Under my window a clean rasping sound
When the spade sinks into gravelly ground:
My father, digging. I look down
Till his straining rump among the flowerbeds
Bends low, comes up twenty years away
Stooping in rhythm through potato drills
Where he was digging.
The coarse boot nestled on the lug, the shaft
Against the inside knee was levered firmly.
He rooted out tall tops, buried the bright edge deep
To scatter new potatoes that we picked
Loving their cool hardness in our hands.
By God, the old man could handle a spade,
Just like his old man.
My grandfather could cut more turf in a day
Than any other man on Toner's bog.
Once I carried him milk in a bottle
Corked sloppily with paper. He straightened up
To drink it, then fell to right away
Nicking and slicing neatly, heaving sods
Over his shoulder, digging down and down
For the good turf. Digging.
The cold smell of potato mold, the squelch and slap
Of soggy peat, the curt cuts of an edge
Through living roots awaken in my head.
But I've no spade to follow men like them.

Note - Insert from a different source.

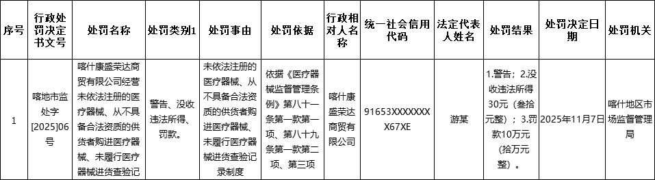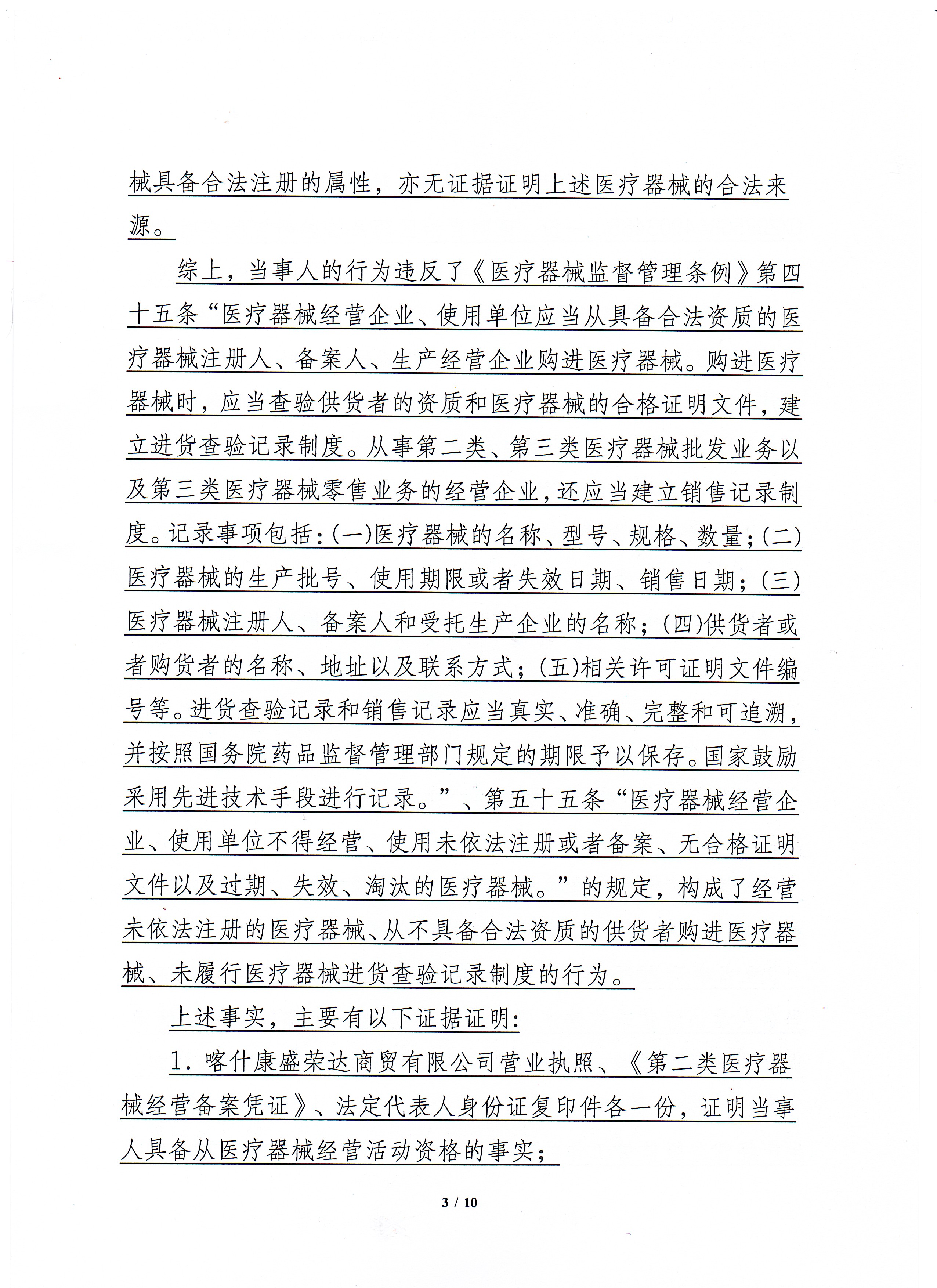 喀什康盛荣达商贸有限公司经营未依法注册的医疗器械、从不具备合法资质的供货者购进医疗器械、未履行医疗器械进货查验记录制度案

Between my finger and my thumb
The squat pen rests.
I'll dig with it.
Seamus Heaney, from Selected Poems 1965-1975 (London: Faber & Faber, 1980)
And ay, here's the rub: that poem means something to me not because of it's content, although it's a very good poem, but because it was set for the HSC in 1987, and my brother was writing an essay on it the day he died. The book was open, some words were written on foolscap paper, and then some time afterwards he got up, went to the kitchen and killed himself. We all wonder about that day, and I constantly wonder what, if anything, this means. The last line written in his hand on the book page is 'Justification of him breaking with his roots'. Yes, well, indeed.
Sorry about that sledgehammer. I haven't thought about it for years. Must have been all that Kokoda mud. Sometimes poetry means so much more than the words on the page.
10 comments:
Big Hug.
what Laura said.
group hug it is
xxx
Thanks, girls. I felt a bit ashamed of myself today for pulling that one out of the hat, but I had a bit of a dark moment last night. I'm really not a pity junkie :)
So young!
I missed this till tonight. Black ice, as you say. Can I be in the group hug after the fact?
[tut] oh, if you have to, Pav!
OF COURSE
not enough group hugs in blogging, although Zoe is doing her best to redress the matter.
Bravely put, duck. A good hommage.
Sometimes the sledgehammer is the only way to fly.
My sister has a friend whose brother was like the boy in Alibrandi. The first time I saw the film, I knew what that fellow was going to do (the Matthew Newton character, John) when he would not dance at the Year 12 formal. I just knew. Afterwards my daughter asked me how, and I told her I knew someone like that once. (He was a dentist's son, though, not a pollie's.)
May these fellows rest easier every time we call them up. So to speak.
And I guess that qualifies as a spoiler, so you can delete it if you like. But the hug goes out all the same, squat like a pen. I like that poem too.
Actually, funny you should bring that up. The movie of Alibrandi freaks me out a bit because a lot of the details are so close to our story -- not the parental stuff, but the schools they used, and the Sydney locations. My brother had a scholarship to an inner-Sydney private school, and his girlfriend was at the convent school up at Rose Bay. It's set around a similar time too. I used to think the author knew him, but I'm not so sure anymore.
It'll be a long time before I can sit through the movie again; it was a painful experience.
My word yes, that is a tough coincidence. I think you're exempt from watching that for a good while - that part still upsets me, and it was a long time ago for my friends too.
Thanks for the sidebar nod, by the way - have I thanked you before? All my traffic seems to come from the kindness of bloggers now.